The relationship between lipophilicity and the activity of the PCIH, QCIH and PKIH analogues

To assess the relationship between lipophilicity and either anti-proliferative activity or Fe chelation efficacy, average log P values (n-octanol-water partition coefficients) for all chelators were calculated. Log P values were estimated (Table 1) according to Broto's method (Broto et al., 1984), Crippen's fragmentation procedure (Ghose & Crippen, 1987), or Viswanadhan's fragmentation procedure (Viswanadhan et al., 1987) using Chem Draw Pro. (v. 4.5, Cambridge Software, 1997).

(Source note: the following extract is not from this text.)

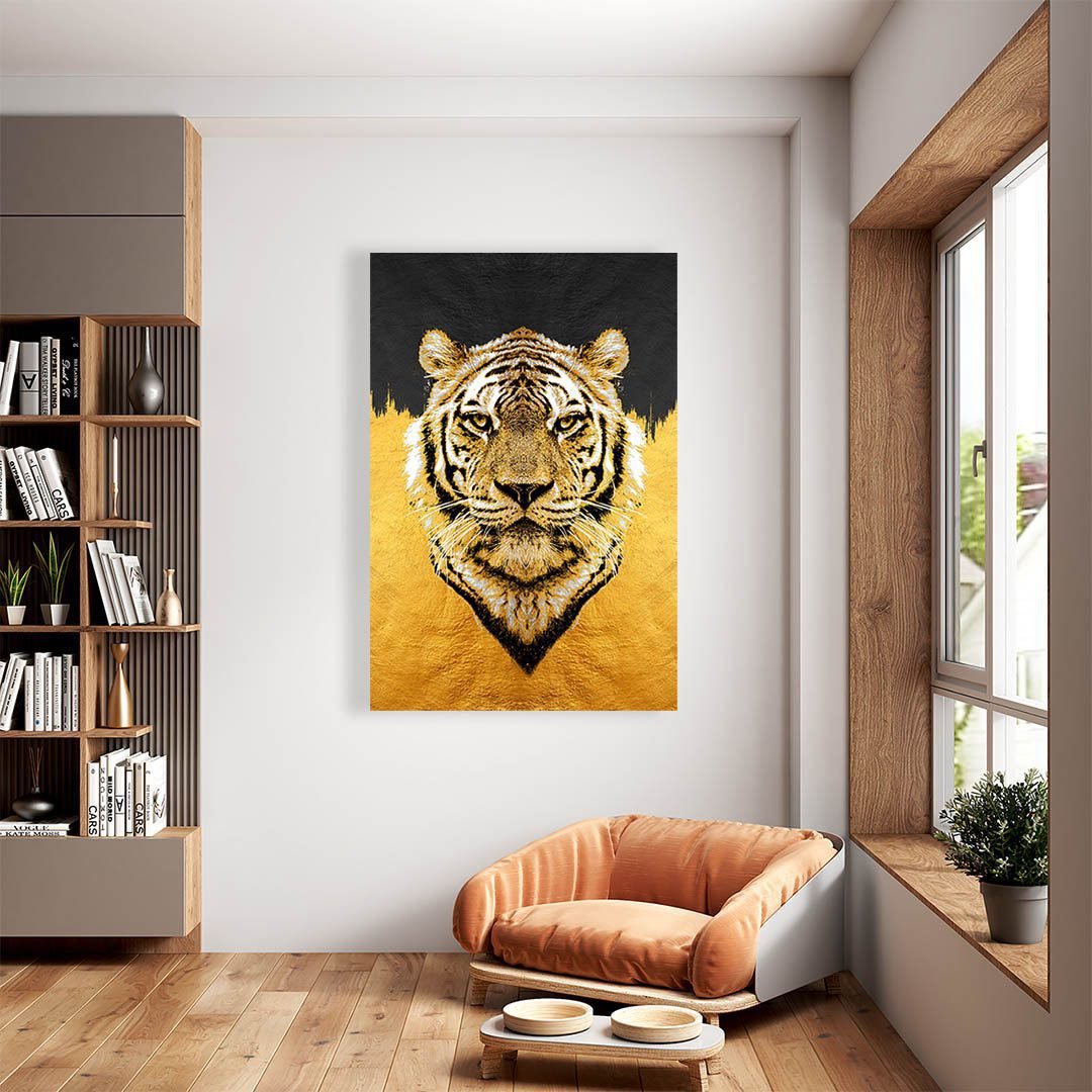 Cuadro Decorativo Cara de Tigre en Dorado #126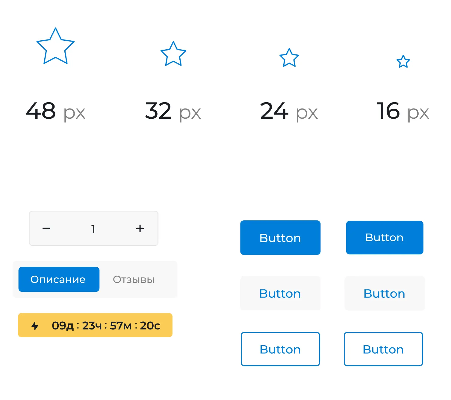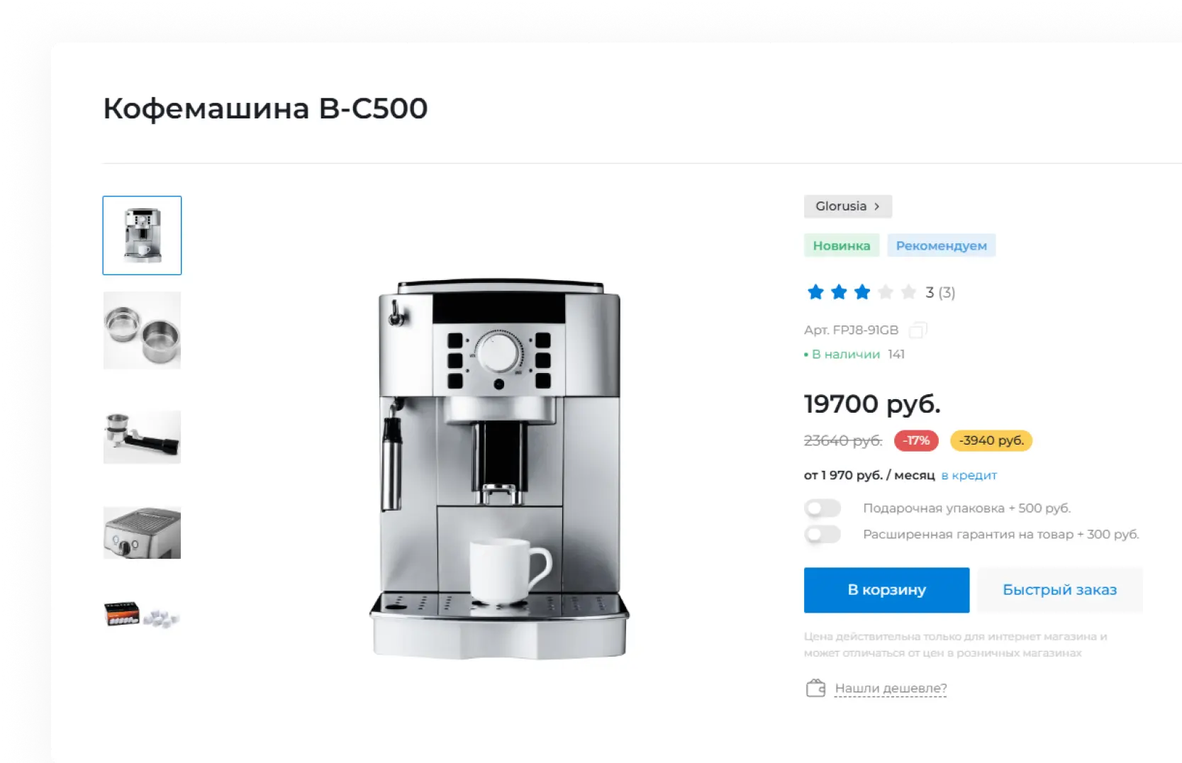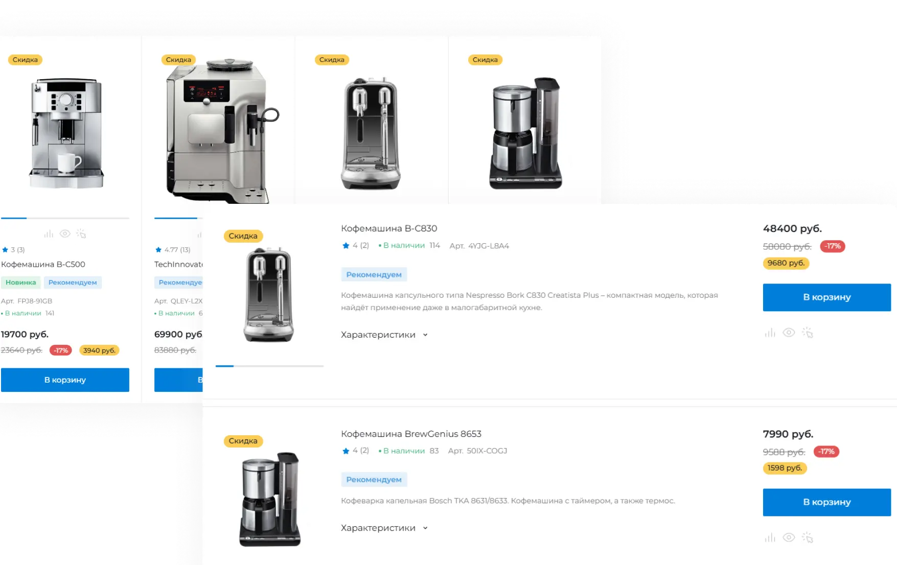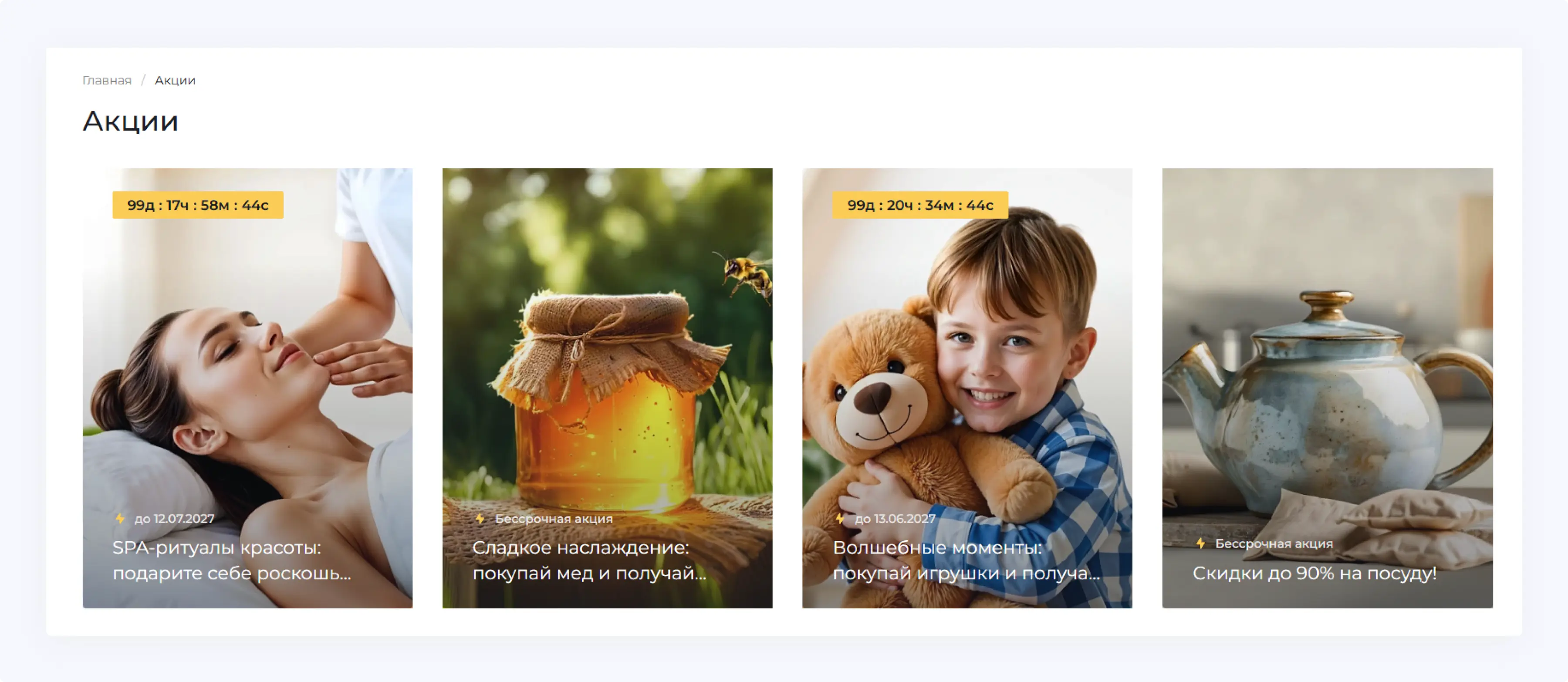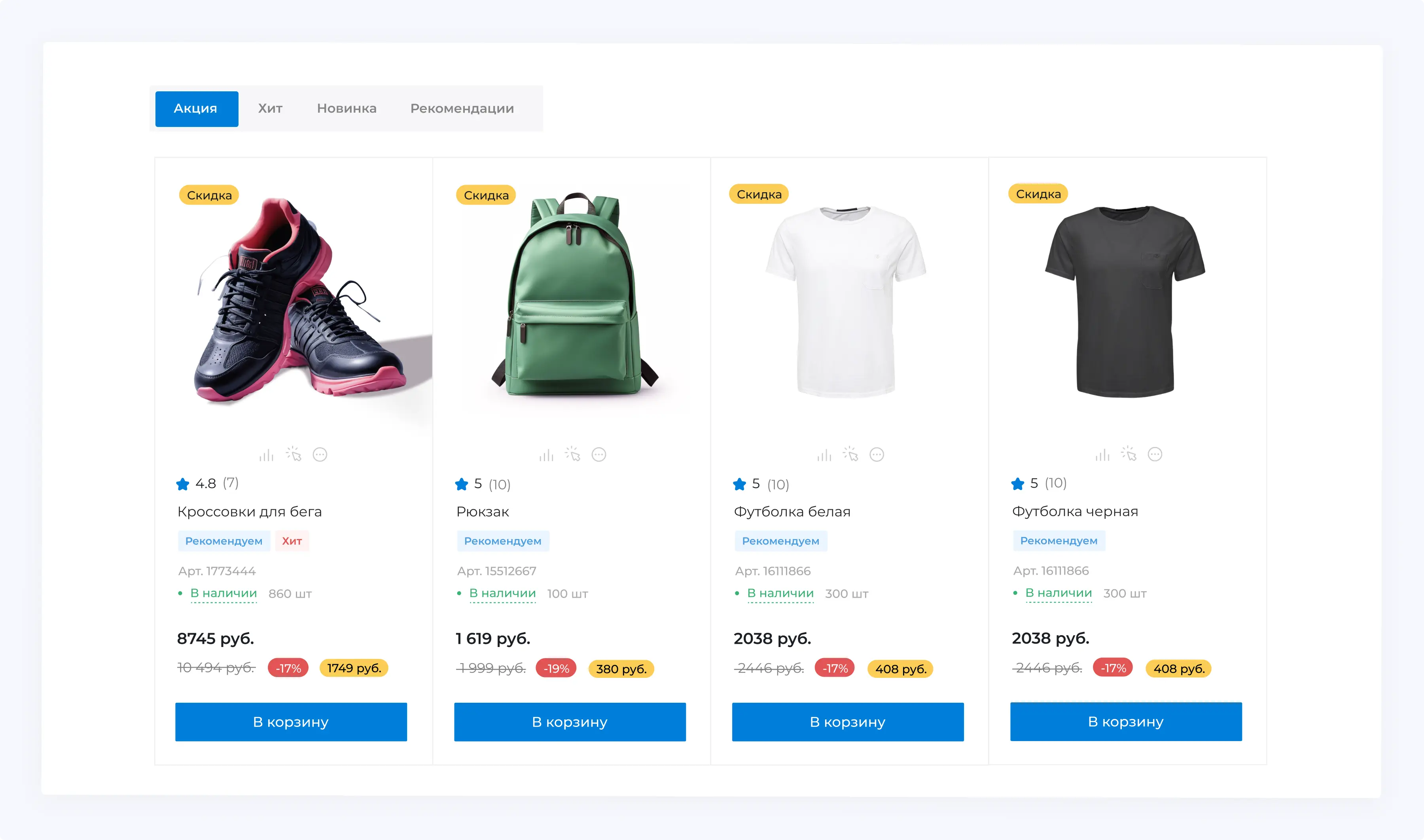 Набор маркетинговых инструментов для привлечения интереса покупателя — стикеры «Хит», «Акция», «Рекомендуем», таймер окончания акции, размер скидки и многое другое.

The use of three methods of estimating log P values was felt to be more appropriate than using just one that could introduce bias towards a particular calculation scheme. The values calculated from the three methods were averaged to prevent this. The average calculated log P values (Table 1) were then plotted against either their IC50 values, or their ability to induce 59Fe mobilization or prevent 59Fe uptake. These plots demonstrated no strong correlation to anti-proliferative activity or Fe chelation efficacy (all correlations: r <0.52) (data not shown).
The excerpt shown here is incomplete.